### [Supplied information]
__________

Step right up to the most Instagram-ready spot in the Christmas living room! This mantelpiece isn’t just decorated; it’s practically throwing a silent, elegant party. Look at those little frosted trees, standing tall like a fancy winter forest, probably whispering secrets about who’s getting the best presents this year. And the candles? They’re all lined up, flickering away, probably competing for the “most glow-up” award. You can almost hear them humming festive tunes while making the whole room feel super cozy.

__________

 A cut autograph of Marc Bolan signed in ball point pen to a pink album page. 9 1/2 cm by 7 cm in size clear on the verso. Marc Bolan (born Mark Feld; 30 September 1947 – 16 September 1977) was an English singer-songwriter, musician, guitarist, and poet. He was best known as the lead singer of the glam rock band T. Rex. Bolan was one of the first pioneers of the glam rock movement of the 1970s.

__________

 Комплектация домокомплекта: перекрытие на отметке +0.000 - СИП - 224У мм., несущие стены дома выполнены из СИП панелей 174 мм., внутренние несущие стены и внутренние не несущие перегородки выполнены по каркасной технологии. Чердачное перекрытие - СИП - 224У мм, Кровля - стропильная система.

__________

### [Work instructions]
Filter the listing above down to the lines that contain the word "best".

### [Answer box]
Step right up to the most Instagram-ready spot in the Christmas living room! This mantelpiece isn’t just decorated; it’s practically throwing a silent, elegant party. Look at those little frosted trees, standing tall like a fancy winter forest, probably whispering secrets about who’s getting the best presents this year. And the candles? They’re all lined up, flickering away, probably competing for the “most glow-up” award. You can almost hear them humming festive tunes while making the whole room feel super cozy.
 A cut autograph of Marc Bolan signed in ball point pen to a pink album page. 9 1/2 cm by 7 cm in size clear on the verso. Marc Bolan (born Mark Feld; 30 September 1947 – 16 September 1977) was an English singer-songwriter, musician, guitarist, and poet. He was best known as the lead singer of the glam rock band T. Rex. Bolan was one of the first pioneers of the glam rock movement of the 1970s.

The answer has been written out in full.